◆ **DATA PROVIDED**:
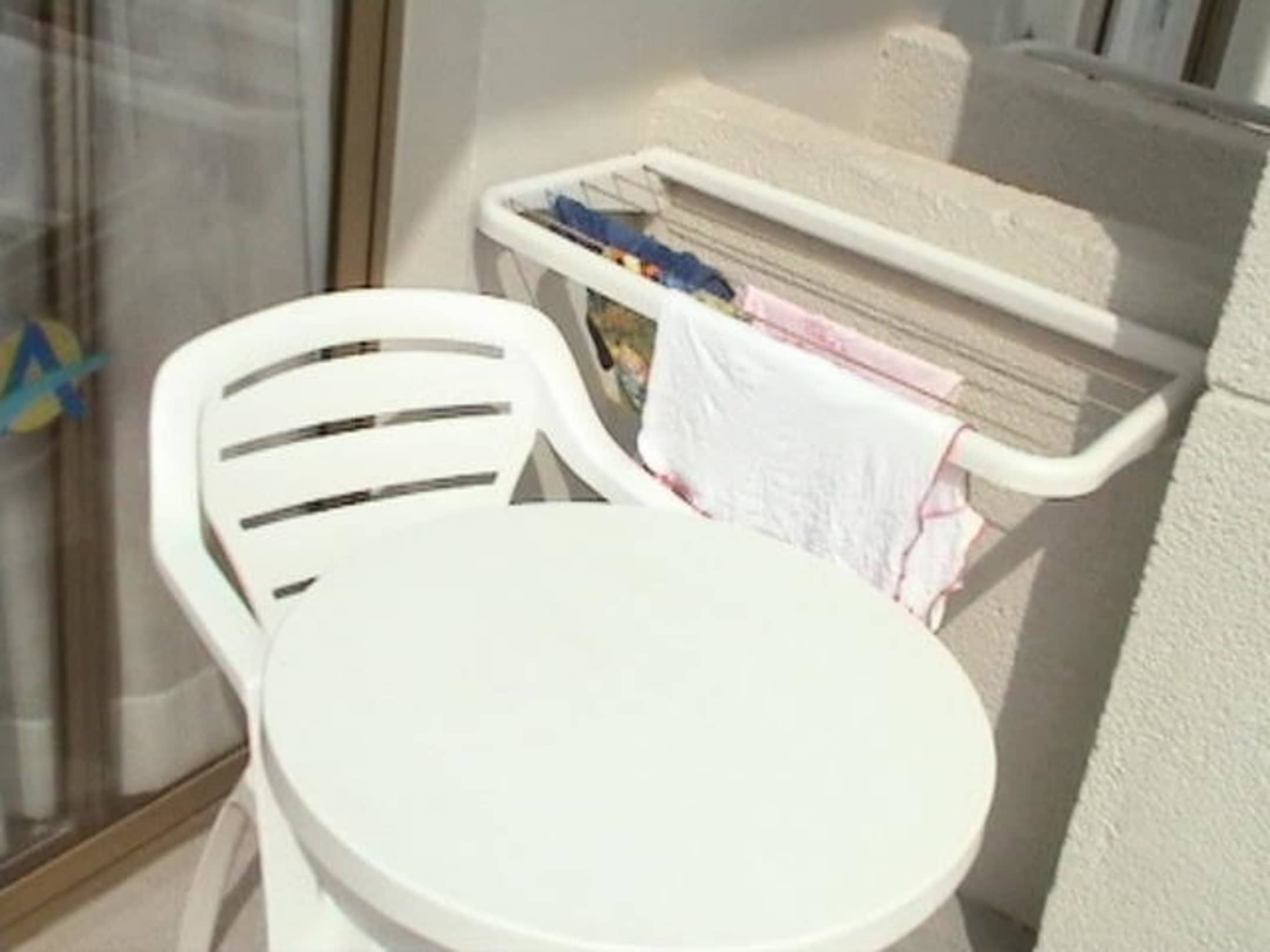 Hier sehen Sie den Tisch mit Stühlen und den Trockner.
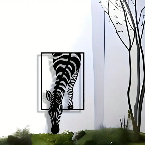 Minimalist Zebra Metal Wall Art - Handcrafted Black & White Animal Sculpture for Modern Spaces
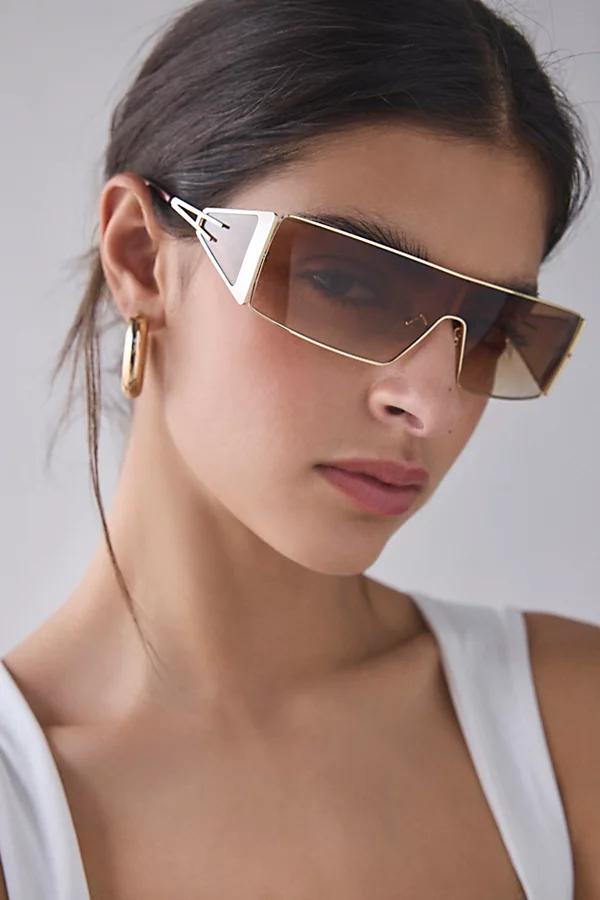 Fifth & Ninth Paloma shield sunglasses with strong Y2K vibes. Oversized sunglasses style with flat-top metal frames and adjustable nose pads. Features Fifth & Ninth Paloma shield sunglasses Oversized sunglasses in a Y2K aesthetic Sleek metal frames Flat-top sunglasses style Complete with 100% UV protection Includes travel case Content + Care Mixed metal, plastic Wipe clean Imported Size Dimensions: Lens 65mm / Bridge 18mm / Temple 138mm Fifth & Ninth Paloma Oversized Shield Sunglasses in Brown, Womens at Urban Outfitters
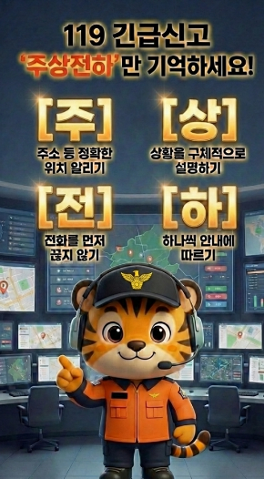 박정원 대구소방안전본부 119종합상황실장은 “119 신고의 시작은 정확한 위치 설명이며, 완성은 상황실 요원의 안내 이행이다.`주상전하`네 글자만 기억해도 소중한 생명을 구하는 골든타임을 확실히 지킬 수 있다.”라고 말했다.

◆ **AIM OF THE EXERCISE**:
Above is a listing with pictures. Write it out exactly without them.

◆ **ANSWER SPACE**:
 Hier sehen Sie den Tisch mit Stühlen und den Trockner.
 Minimalist Zebra Metal Wall Art - Handcrafted Black & White Animal Sculpture for Modern Spaces
 Fifth & Ninth Paloma shield sunglasses with strong Y2K vibes. Oversized sunglasses style with flat-top metal frames and adjustable nose pads. Features Fifth & Ninth Paloma shield sunglasses Oversized sunglasses in a Y2K aesthetic Sleek metal frames Flat-top sunglasses style Complete with 100% UV protection Includes travel case Content + Care Mixed metal, plastic Wipe clean Imported Size Dimensions: Lens 65mm / Bridge 18mm / Temple 138mm Fifth & Ninth Paloma Oversized Shield Sunglasses in Brown, Womens at Urban Outfitters
 박정원 대구소방안전본부 119종합상황실장은 “119 신고의 시작은 정확한 위치 설명이며, 완성은 상황실 요원의 안내 이행이다.`주상전하`네 글자만 기억해도 소중한 생명을 구하는 골든타임을 확실히 지킬 수 있다.”라고 말했다.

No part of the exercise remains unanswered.